In this context, cowardice comes from an illusion of control.
A little ceteris paribus fantasy.
The coward believes that if he does nothing, nothing will change. If he does not speak, nothing will break. If he does not decide, nothing will be lost. If he does not move, the monster will eventually get bored and leave.
But the monster does not leave.
The monster starts charging rent.
And, as anyone who has dealt with renters knows, kicking one out is a complicated process.
Really, landlords are the devil, renters are no better, the whole housing thing is a scam, and perhaps the only reasonable solution is to shut down society, jump into the sea, and wait a couple million years until we become some dolphin-shaped weird thing that does not pay rent or taxes.
But until evolution grants us tax-free fins, we are stuck here.
With the monster.
With the rent.
With the thing we still have not done.
And with reality.
Have you ever had one of those days when everything feels heavy as fuck?
Has it turned into a week?
A month?
A year?
A few years?
With the right level of depression — and avoidance can absolutely feed depression — and a few hard-to-escape situations, death can start looking hopeful, because it ends every problem.

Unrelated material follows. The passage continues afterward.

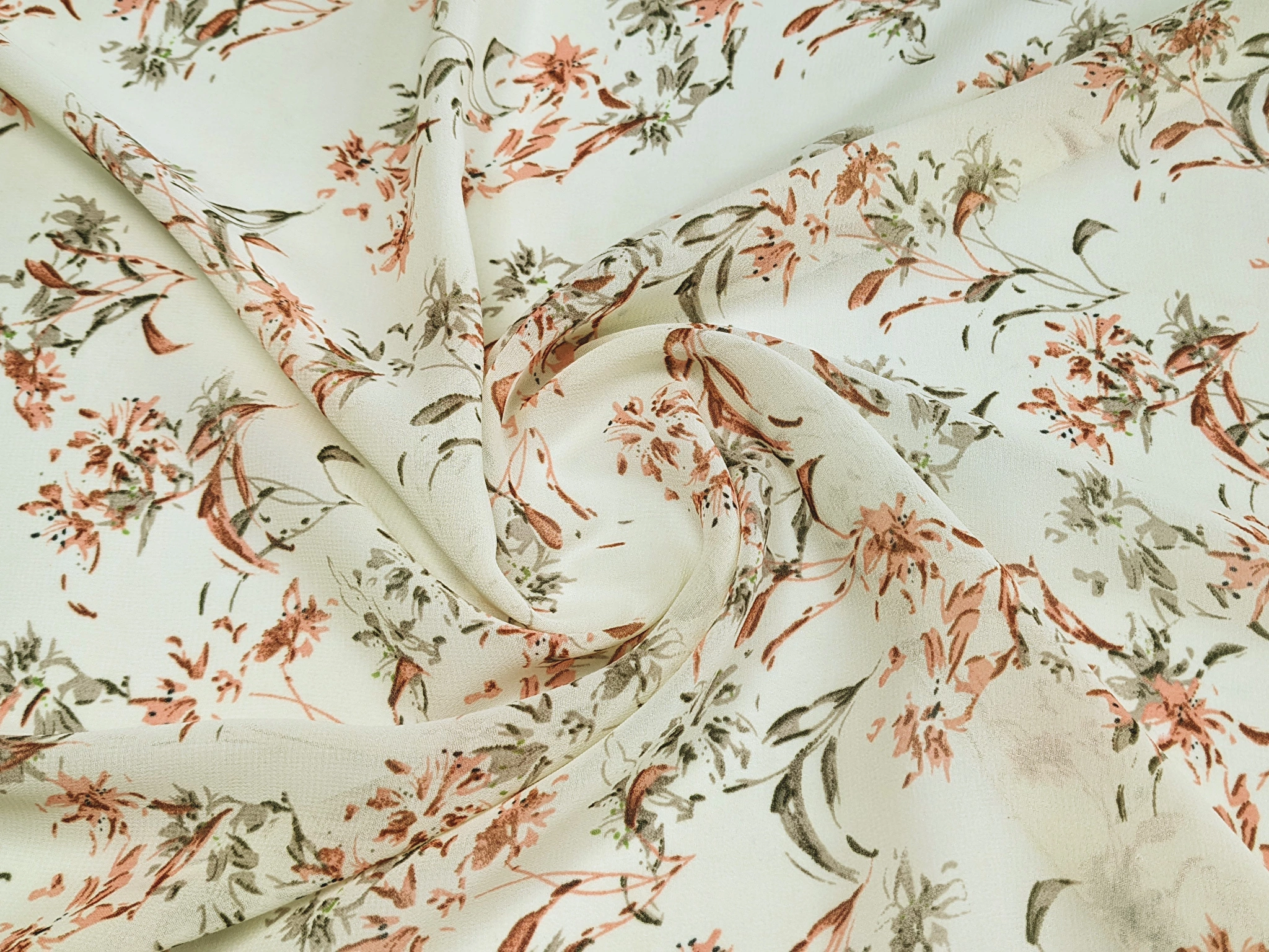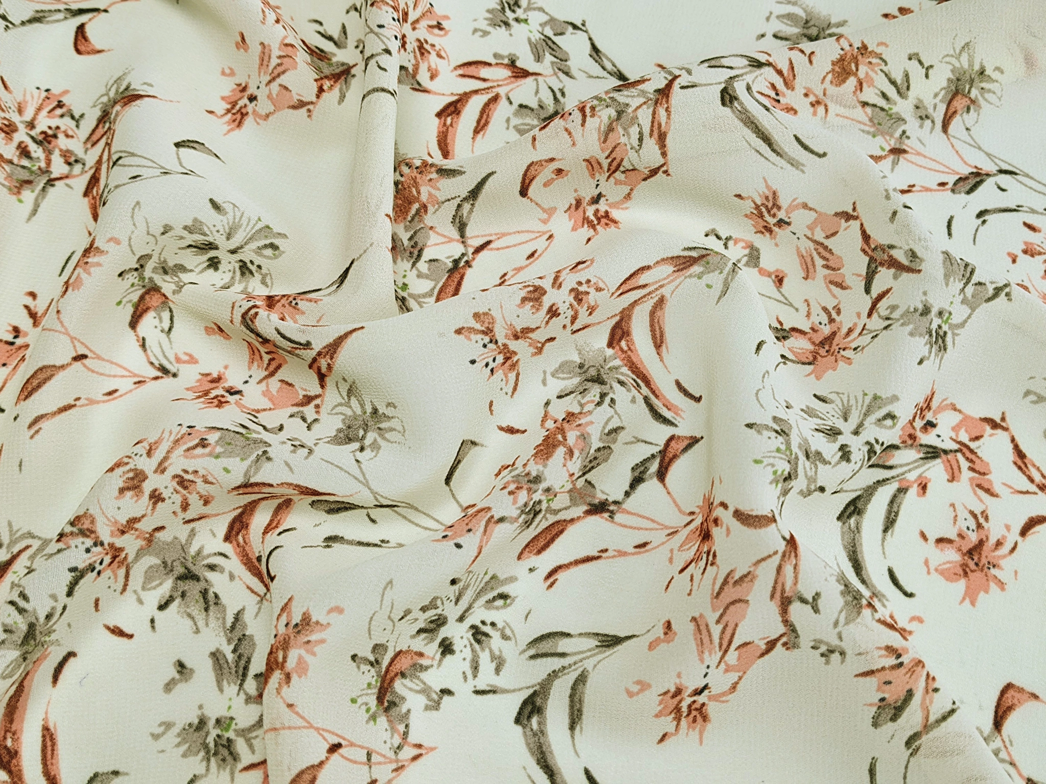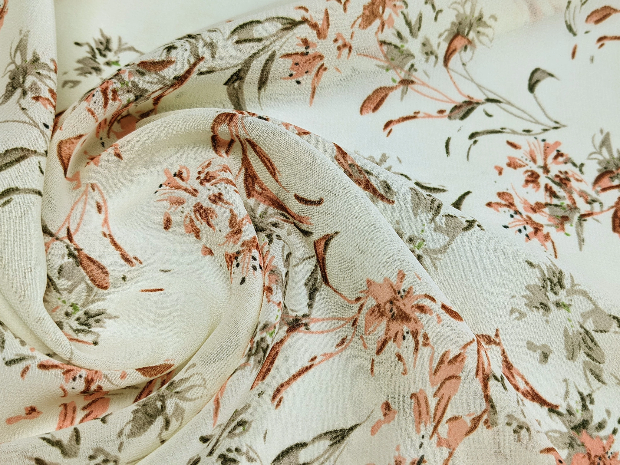 Принтований креп-шифон - це напівпрозора шорстка тканина. Тканина гарно драпірується. Прати й прасувати вироби з крепа- шифону коштує з обережністю, вибираючи делікатні режими. Полотно дуже міцне завдяки туго переплетених ниток. Для пошиття суконь рекомендуємо придбати легку підкладкову тканину.

But it does not solve them.
That is the horrifying truth.
Getting rid of the monster requires work.
Nothing else will do.
Does that mean you should call your high school crush to tell her all the confusing, frankly weird, and out-of-focus things you used to fantasize about the two of you doing?
Fuck no.
Let her be.
Nor do you need to drink a quart of milk if you are lactose intolerant.
But in every person’s life, there are situations that need to be solved. Some of them are actively, even if slowly, killing them. Others are hurting them in ways that would make Pavlov nod approvingly, teaching an otherwise healthy, potentially happy being that happiness is dangerous, privacy is a privilege, and freedom is not for them.
Nobody will fix the situations you refuse to face.
Nobody but you.
“It’s you. You have all the weapons you need. Now fight.” — Sucker Punch
And remember, sometimes all the fight entails, is letting go.